Quinn attributed the recent bankruptcies of U.S. coal companies, including Alpha Natural Resources, to those businesses overpaying to acquire other companies when the market was higher, and then taking on too much debt.
But he also blamed, of course, Obama, whose policies, he said, posed “existential risks” to his industry. He said that the Administration’s just-announced moratorium on new leases for coal mining on federal lands was based on “fiction peddling.” He insisted that the current lease program already accounts for the societal costs of carbon emissions from coal and that coal companies were paying above-market rates for the leases.
Quinn also complained about the EPA’s rule to limit emissions of mercury and other toxic pollutants from coal plants. The Supreme Court, by a 5-4 vote, knocked down that regulation last summer, which has forced the agency to scramble to formulate a new cost-benefit analysis to justify its action. But Quinn said that the Supreme Court’s nullification of the rule came too late; the harm to the industry was already done.
Nevertheless, Quinn predicted that demand for coal would rise in 2017.
When Quinn finished, a reporter rose to ask a question, which she prefaced by informing Quinn, and the room, of breaking news: The U.S. Court of Appeals had just declined to stay Obama’s Clean Power Plan, pending final review. The industry had hired scores of lawyers to argue for that stay. The room got a little sadder, and Quinn hemmed and hawed for a bit.
The ballroom crowd, seating at round tables, started to thin out as the bad legal news sunk in, the afternoon dragged on, and the three lowest-paid CEOs concluded the program. Even a promised post-event cocktail hour couldn’t stop the exodus.
Dan Dolan, President of the New England Power Generators Association (a bargain $257,082 salary), said the Obama Clean Power Plan “is a complete non-event in New England” because carbon mandates imposed by some New England states go well beyond what the EPA is requiring.
Yet another lawyer / CEO, Sue Kelly of the American Public Power Association ($384,314) presented a busy Powerpoint slide full of federal regulatory issues that concerned her, including, again, the dreaded Clean Power Plan.

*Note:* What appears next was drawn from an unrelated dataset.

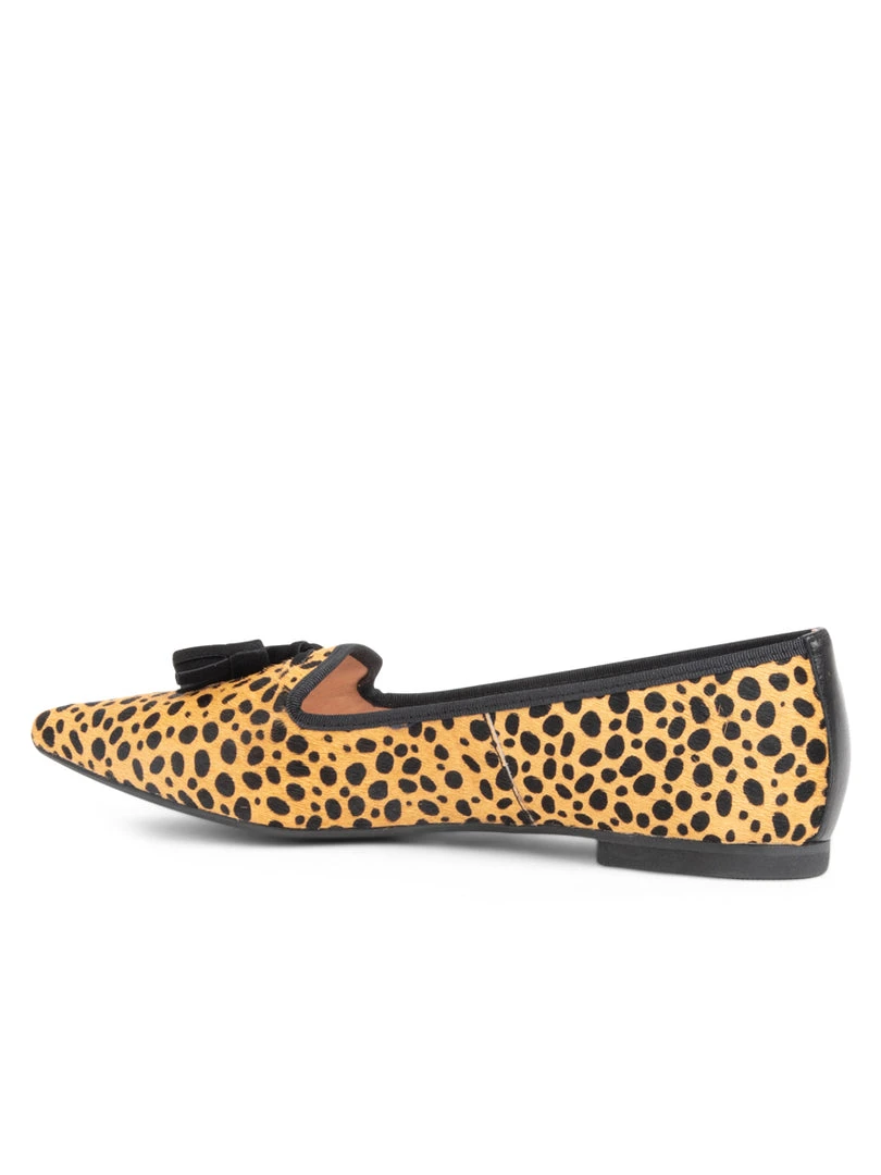 A sculpted pointed toe silhouette in luxe hair calf for a rich addition to your fall and winter shoe collection. Finished with a tassel detail and rubber sole, these shoes will carry you in style and comfort from day to night.

Finally, when it appeared as if all the energy had been sapped out of the room, Rhone Resch ($627,348), CEO of the Solar Energy Industries Association, bounded up to the podium. In contrast to the somewhat hunched and lethargic men who make up much of the fossil lobby CEO population, Rhone Resch was tall and ramrod straight in a pressed suit, with the hair, face, and voice of an actor. Maybe he was our energy future.
Resch then reported that solar energy has just reached 1% of total U.S. power generation – up from .1 % 5 years ago.
That announcement seemed to make little impression on the audience. But all kinds of knowing looks and whispers were exchanged at the event’s conclusion when the head of the U.S. Energy Association announced that D.C.’s subway system would be shutting down for the impending massive snowstorm.
It seemed as if the crowd was generally unimpressed with Washington’s public transportation system. But I don’t think it worried the energy lobby CEOs. Based on the views they expressed, they likely have cars and SUVs waiting for them.
When it comes to moving toward clean energy policies, the U.S. still has a lot to overcome.
This article also appears on Huffington Post.
Correction: This article originally stated that Dave McCurdy of the American Gas Association criticized EPA rules. In fact, McCurdy was discussing the Department of Energy’s Notice of Proposed Rulemaking on Energy Conservation Standards for Residential Furnaces, not an EPA regulation. I regret the error.